From the line with "Teljes Kozmetikai fésülködő" to the end of the data below, restate each line word for word, both ends included, without the pictures.

■ **Supplied material**
· · · · · · ·
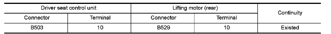 3.Check the continuity between driver seat control unit harness connector and lifting motor (rear) harness connector.
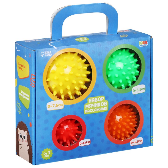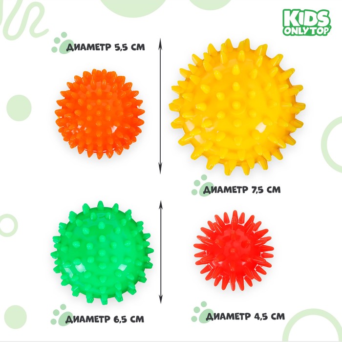 Набор массажных мячей ONLYTOP «Ёжик», 4 шт., МИКС — Характеристики
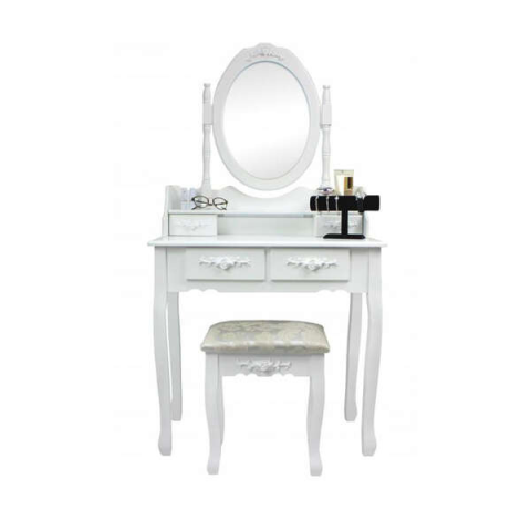 Teljes Kozmetikai fésülködő és sminkasztal dönthető tükörrel és sminkszékkel termékleírás
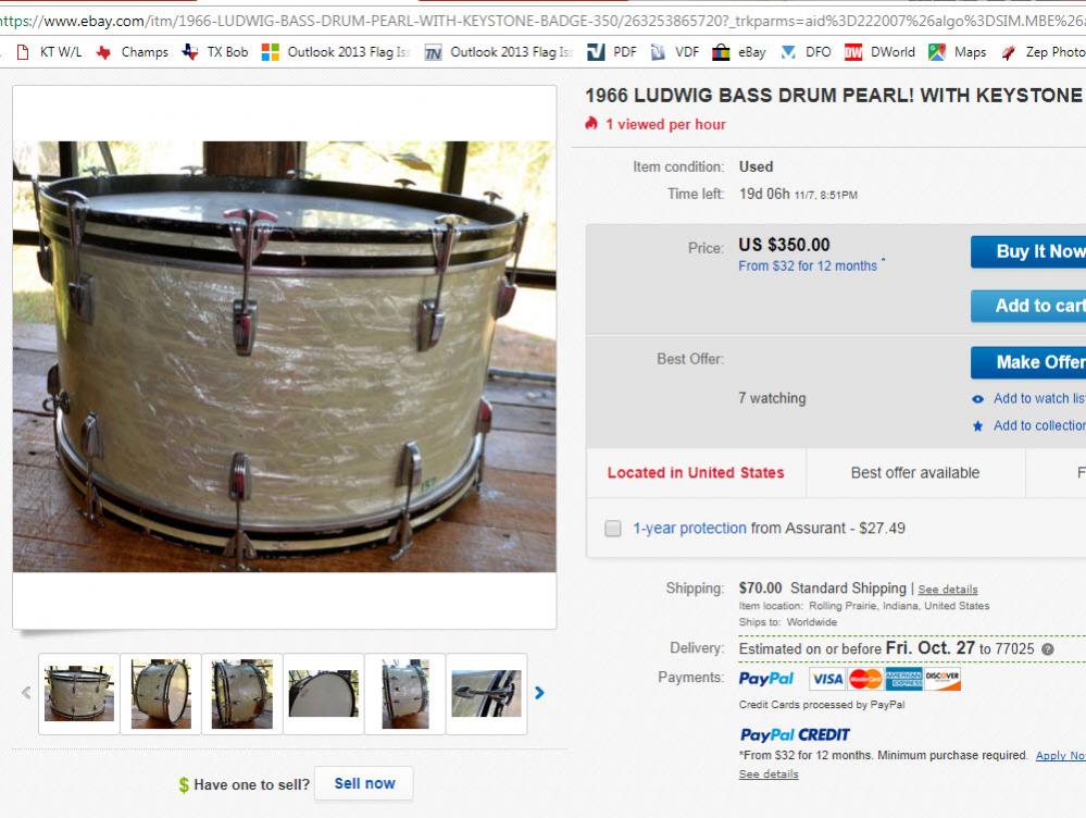 Currently looking for a 3-ply 24x14 Ludwig in champagne sparkle w/rail consolette and cymbal mount!
· · · · · · ·
■ **Response area**
 Teljes Kozmetikai fésülködő és sminkasztal dönthető tükörrel és sminkszékkel termékleírás
 Currently looking for a 3-ply 24x14 Ludwig in champagne sparkle w/rail consolette and cymbal mount!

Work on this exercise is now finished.